:: Dataset extract ::
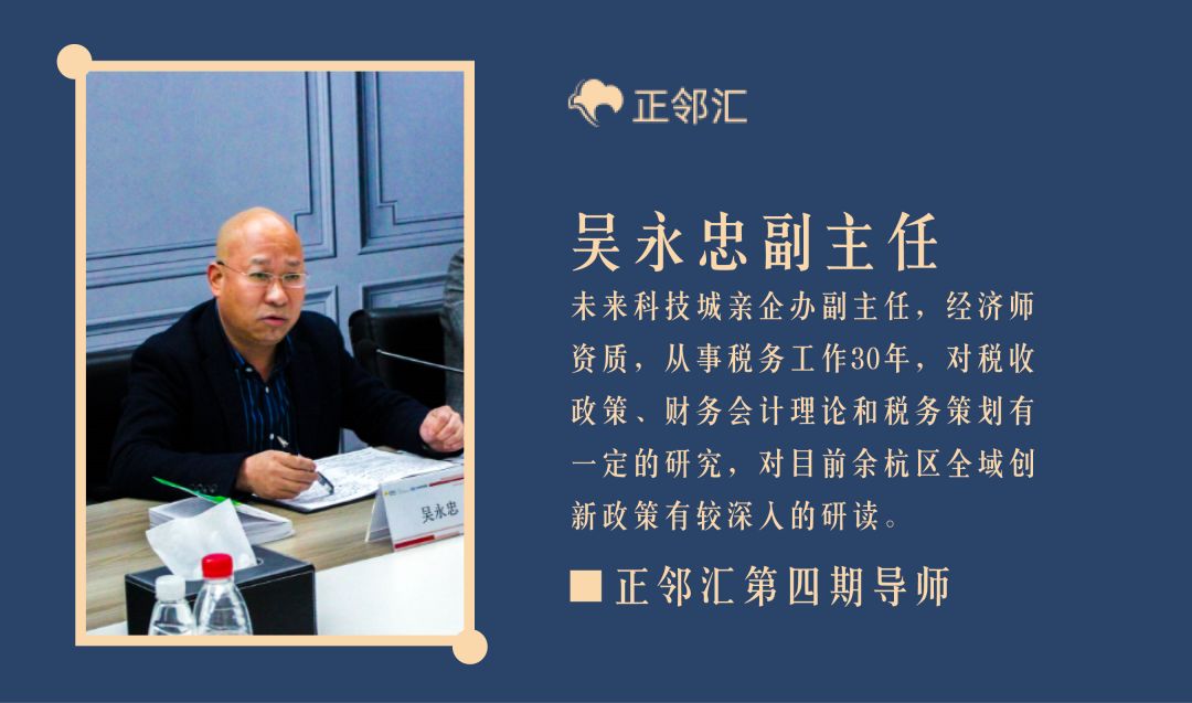 本期我们在整合了会员企业的相关需求之后,联系到了未来科技城亲企办副主任吴永忠作为本期的主讲导师,为会员们进行关于《余杭区全域创新高质量发展66条相关政策》的分享,帮助各位会员学习快速有效的了解最新政策,从而帮助企业及时提报最新优惠利好政策,完成企业创新转型,获得企业成长动力,并且帮助企业与政府领导搭建有效沟通的平台。
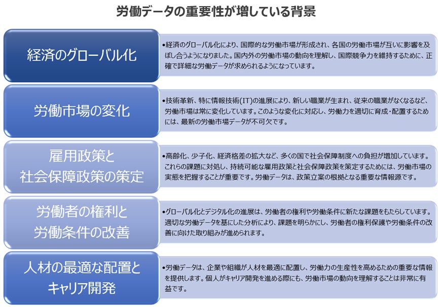 これらの背景により、労働データの収集、分析、共有の重要性が高まっています。正確でタイムリーなデータは、政策立案者、企業経営者、労働者、求職者など、多くのステークホルダーにとって貴重な資源となっています。
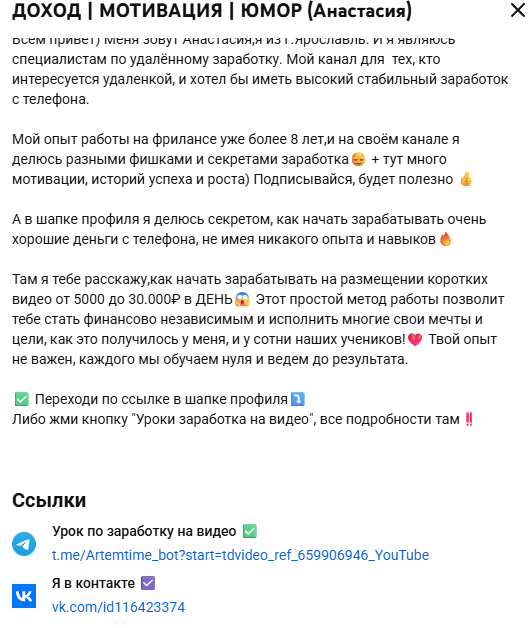 Несмотря на то, что девушка рассказывает о заработке на видеороликах, она не предлагает пользователям собственные курсы, методички или какие-либо другие материалы. Чтобы понять, к чему сводится предложение, достаточно просто прочитать описание сообщества:
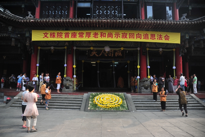 8月5日,为了表达佛门弟子对常厚老和尚的追思和缅怀,成都文殊院为老和尚举行了隆重的示寂回向追思法会。
:::
Problem details:
Write the listing out in full, exactly; no images.

Solution for this problem:
 本期我们在整合了会员企业的相关需求之后,联系到了未来科技城亲企办副主任吴永忠作为本期的主讲导师,为会员们进行关于《余杭区全域创新高质量发展66条相关政策》的分享,帮助各位会员学习快速有效的了解最新政策,从而帮助企业及时提报最新优惠利好政策,完成企业创新转型,获得企业成长动力,并且帮助企业与政府领导搭建有效沟通的平台。
 これらの背景により、労働データの収集、分析、共有の重要性が高まっています。正確でタイムリーなデータは、政策立案者、企業経営者、労働者、求職者など、多くのステークホルダーにとって貴重な資源となっています。
 Несмотря на то, что девушка рассказывает о заработке на видеороликах, она не предлагает пользователям собственные курсы, методички или какие-либо другие материалы. Чтобы понять, к чему сводится предложение, достаточно просто прочитать описание сообщества:
 8月5日,为了表达佛门弟子对常厚老和尚的追思和缅怀,成都文殊院为老和尚举行了隆重的示寂回向追思法会。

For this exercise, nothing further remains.